--- START ---
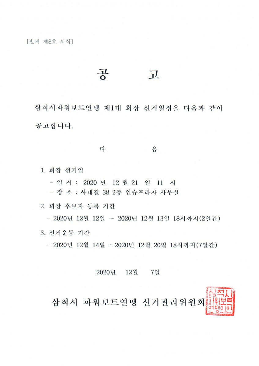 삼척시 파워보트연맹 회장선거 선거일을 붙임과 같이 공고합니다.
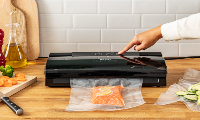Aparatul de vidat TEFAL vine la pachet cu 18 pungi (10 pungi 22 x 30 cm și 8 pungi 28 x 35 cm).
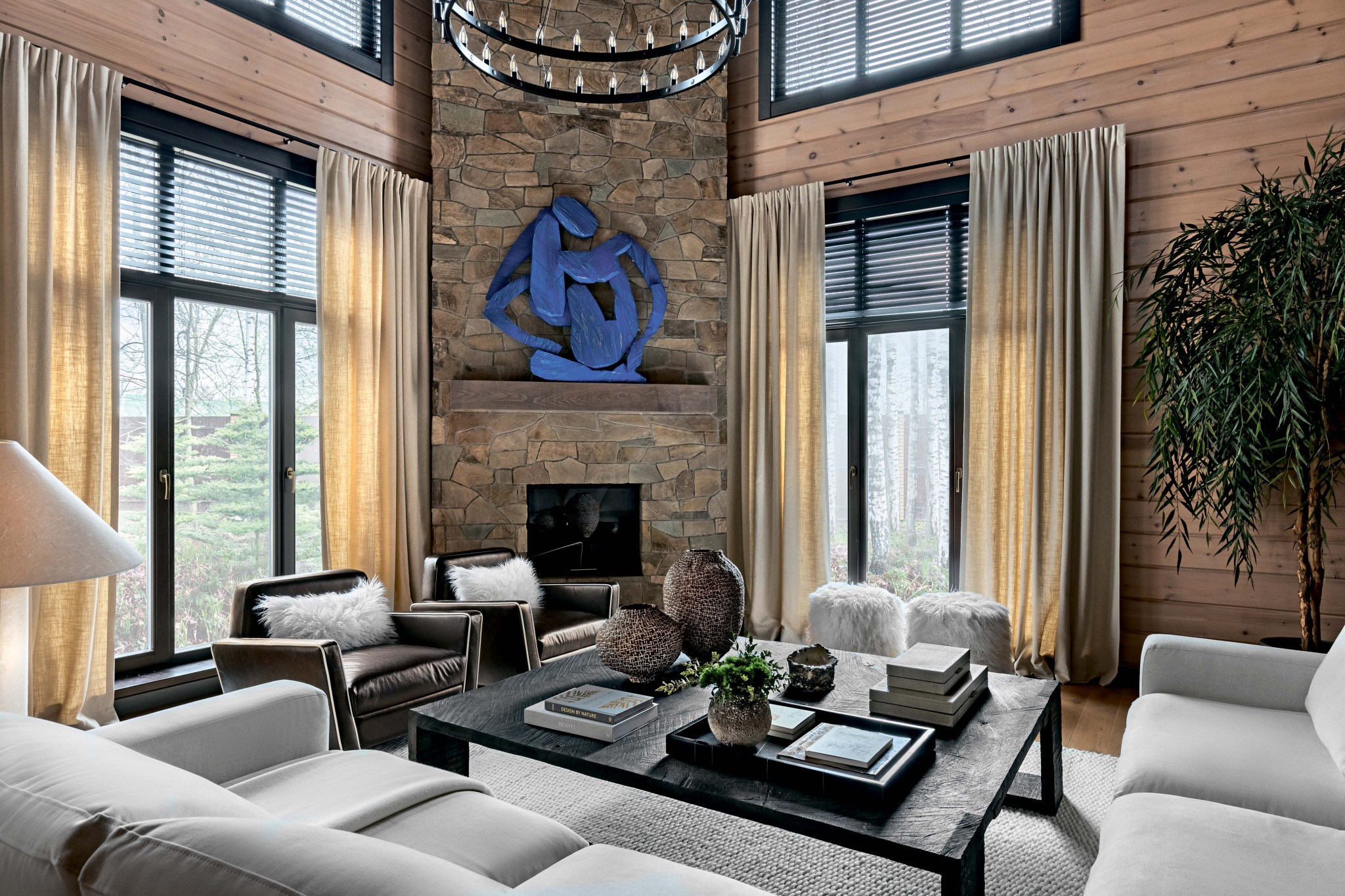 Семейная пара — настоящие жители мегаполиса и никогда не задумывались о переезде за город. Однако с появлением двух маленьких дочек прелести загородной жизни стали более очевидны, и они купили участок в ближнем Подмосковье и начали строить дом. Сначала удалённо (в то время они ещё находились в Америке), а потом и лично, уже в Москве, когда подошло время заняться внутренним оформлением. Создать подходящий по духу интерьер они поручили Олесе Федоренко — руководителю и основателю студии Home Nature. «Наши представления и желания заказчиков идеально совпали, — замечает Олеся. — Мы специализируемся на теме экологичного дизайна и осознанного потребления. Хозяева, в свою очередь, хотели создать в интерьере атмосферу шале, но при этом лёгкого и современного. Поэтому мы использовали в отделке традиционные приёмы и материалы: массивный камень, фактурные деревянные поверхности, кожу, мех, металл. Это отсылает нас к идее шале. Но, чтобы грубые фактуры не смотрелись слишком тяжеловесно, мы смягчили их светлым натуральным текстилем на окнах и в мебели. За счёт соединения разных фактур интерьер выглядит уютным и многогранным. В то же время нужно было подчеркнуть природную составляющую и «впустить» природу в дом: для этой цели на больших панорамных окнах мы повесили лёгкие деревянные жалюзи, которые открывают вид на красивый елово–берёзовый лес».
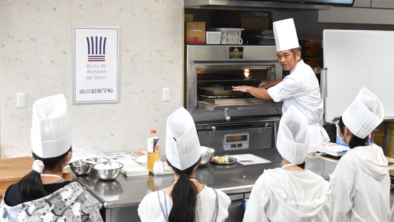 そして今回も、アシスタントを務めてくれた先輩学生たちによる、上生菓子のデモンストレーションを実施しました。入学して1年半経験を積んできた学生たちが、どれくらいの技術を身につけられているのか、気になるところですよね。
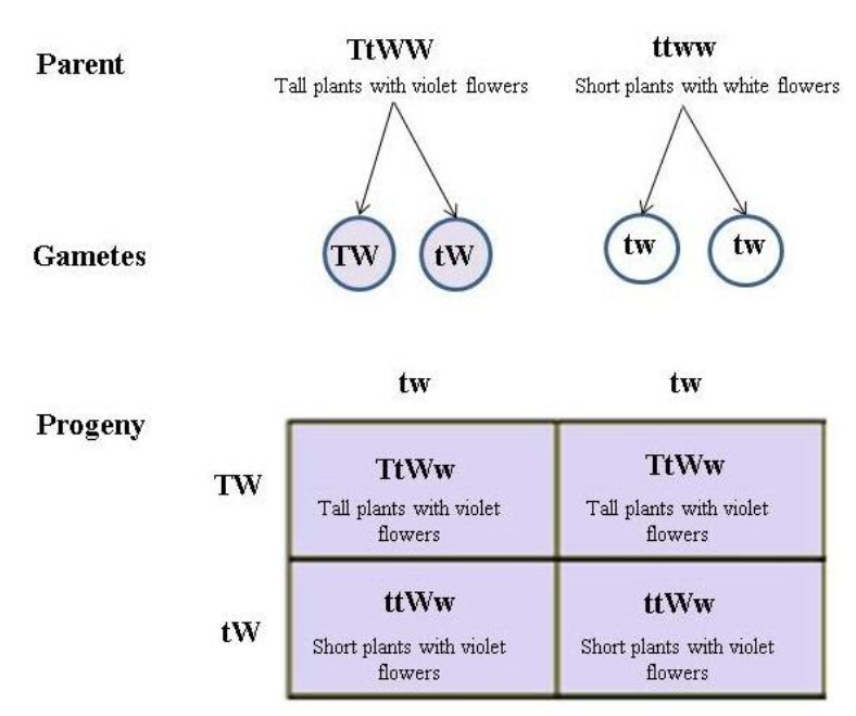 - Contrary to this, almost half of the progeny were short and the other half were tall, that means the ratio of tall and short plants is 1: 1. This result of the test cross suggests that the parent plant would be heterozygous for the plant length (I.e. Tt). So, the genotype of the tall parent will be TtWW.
--- END ---
- [TO DO]
Only the lines between the one with "Семейная пара —" and the one with "そして今回も、アシスタントを", those two included, get copied from the material above. Keep it exact and free of pictures.

- [OUTPUT FOR THIS EXERCISE]
 Семейная пара — настоящие жители мегаполиса и никогда не задумывались о переезде за город. Однако с появлением двух маленьких дочек прелести загородной жизни стали более очевидны, и они купили участок в ближнем Подмосковье и начали строить дом. Сначала удалённо (в то время они ещё находились в Америке), а потом и лично, уже в Москве, когда подошло время заняться внутренним оформлением. Создать подходящий по духу интерьер они поручили Олесе Федоренко — руководителю и основателю студии Home Nature. «Наши представления и желания заказчиков идеально совпали, — замечает Олеся. — Мы специализируемся на теме экологичного дизайна и осознанного потребления. Хозяева, в свою очередь, хотели создать в интерьере атмосферу шале, но при этом лёгкого и современного. Поэтому мы использовали в отделке традиционные приёмы и материалы: массивный камень, фактурные деревянные поверхности, кожу, мех, металл. Это отсылает нас к идее шале. Но, чтобы грубые фактуры не смотрелись слишком тяжеловесно, мы смягчили их светлым натуральным текстилем на окнах и в мебели. За счёт соединения разных фактур интерьер выглядит уютным и многогранным. В то же время нужно было подчеркнуть природную составляющую и «впустить» природу в дом: для этой цели на больших панорамных окнах мы повесили лёгкие деревянные жалюзи, которые открывают вид на красивый елово–берёзовый лес».
 そして今回も、アシスタントを務めてくれた先輩学生たちによる、上生菓子のデモンストレーションを実施しました。入学して1年半経験を積んできた学生たちが、どれくらいの技術を身につけられているのか、気になるところですよね。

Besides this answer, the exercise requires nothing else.